Die moderne Psychologie hat weit feinere Werkzeuge. Statt vier Schubladen arbeitet sie mit Dimensionen, Skalen und Profilen. Und genau hier wird es spannend, denn es existieren mehrere große Systeme, und jedes betrachtet die Persönlichkeit aus einem anderen Blickwinkel.
Vier große Systeme der Persönlichkeitstypen
MBTI - 16 Typen nach Myers und Briggs
Der Myers-Briggs Type Indicator ist vermutlich die bekannteste Persönlichkeitstypologie der Welt. Katharine Briggs und ihre Tochter Isabel Myers entwickelten sie in den 1940er Jahren auf der Grundlage von Carl Gustav Jungs Theorie. Das System gliedert die Persönlichkeit entlang von vier Dimensionen:
| Dimension | Pol A | Pol B | Was gemessen wird |
|---|---|---|---|
| Energie | Extraversion (E) | Introversion (I) | Woher Sie Energie beziehen |
| Wahrnehmung | Sensing (S) | Intuition (N) | Wie Sie Informationen verarbeiten |
| Entscheidung | Thinking (T) | Feeling (F) | Wie Sie zu Entscheidungen kommen |
| Lebensstil | Judging (J) | Perceiving (P) | Wie Sie Ihre Zeit strukturieren |
Aus der Kombination dieser Dimensionen entstehen 16 Persönlichkeitstypen - von INTJ (der strategische Visionär) bis ESFP (der spontane Unterhalter). Jeder Typ hat einen eigenen Stil zu denken, zu kommunizieren und Probleme zu lösen.

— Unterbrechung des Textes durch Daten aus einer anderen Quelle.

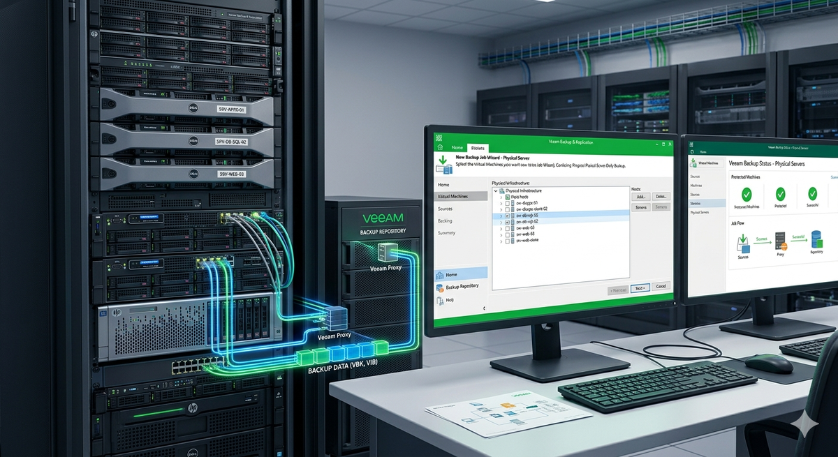 В инфраструктуре любого предприятия физические серверы продолжают играть важную роль. Это могут быть контроллеры домена, файловые серверы, серверы 1С, legacy системы, которые невозможно виртуализировать. Однако в отличие от виртуальных машин, где резервное копирование часто встроено в гипервизор, защита физических серверов требует отдельного подхода. Администратору нужно обеспечить регулярное бэкапирование, минимальное влияние на работоспособность сервера, централизованное управление и быстрое восстановление как целиком, так и на уровне отдельных файлов. Veeam Backup & Replication, известный как лидер в защите виртуальных сред, предоставляет полноценное решение и для физических серверов через Veeam Agent for Microsoft Windows и Veeam Agent for Linux.
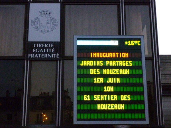 Pour inscrire formellement dans l’histoire le jardin partagé des Nouzeaux, madame le maire procèdera samedi 1er juin à 10 heures, à son inauguration au 61, sentier des Nouzeaux. A bientôt aux amateurs de jardins et de jardinage !
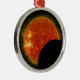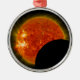 Mörkens skugga över kor i måne framför sol under en solförmörkning som fångas i rymden och som förstärks i denna bild.
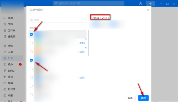 4、选择“分享到聊天”以后,只需要勾选上你想要分享的好友,勾选以后就会在右侧显示出分享的人数和好友名字了,然后点击确定,就代表分享出去了。
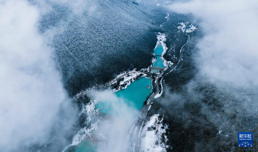 1月13日拍摄的蓝月谷(无人机照片)。蓝月谷风景区位于云南省丽江市玉龙雪山东麓,冬日山谷间云雾弥漫,白雪点缀,别样美丽。

Kritik gibt es reichlich. Die akademische Psychologie wirft dem Modell vor, Menschen in Schubladen zu sortieren, statt sie auf kontinuierlichen Skalen zu verorten, und bei Wiederholungen manchmal andere Ergebnisse zu liefern. Populär ist es trotzdem: Weltweit machen ihn jedes Jahr Millionen Menschen. Und einen unbestreitbaren Nutzen hat er - er zwingt Sie, darüber nachzudenken, wie Sie die Welt wahrnehmen und dass andere das grundlegend anders tun können.
Big Five - fünf Dimensionen statt Schubladen
Wenn der MBTI der Popstar der Persönlichkeitspsychologie ist, dann sind die Big Five ihr wissenschaftliches Rückgrat. Das Fünf-Faktoren-Modell (oft OCEAN genannt) entstand in den 1980er und 1990er Jahren durch die Arbeit von Forschern wie Lewis Goldberg, Paul Costa und Robert McCrae. Anders als der MBTI weist es Ihnen keinen Typ zu. Es misst Ihre Position auf fünf unabhängigen Skalen:
- Offenheit für Erfahrungen - wie stark Sie neue Eindrücke und Ideen suchen
- Gewissenhaftigkeit - Ihr Maß an Organisation und Disziplin
- Extraversion - wie viel soziale Anregung Sie brauchen
- Verträglichkeit - welchen Wert Harmonie mit anderen für Sie hat
- Neurotizismus - wie intensiv Sie negative Gefühle erleben
Der Vorteil der Big Five: Es gibt keine "guten" oder "schlechten" Ergebnisse. Niedrige Gewissenhaftigkeit bedeutet nicht, dass Sie faul sind - vielleicht arbeiten Sie in einem flexiblen Umfeld einfach besser als nach starrem Plan. Hoher Neurotizismus ist kein Zeichen von Schwäche, sondern kann heißen, dass Sie die Signale um sich herum feiner wahrnehmen.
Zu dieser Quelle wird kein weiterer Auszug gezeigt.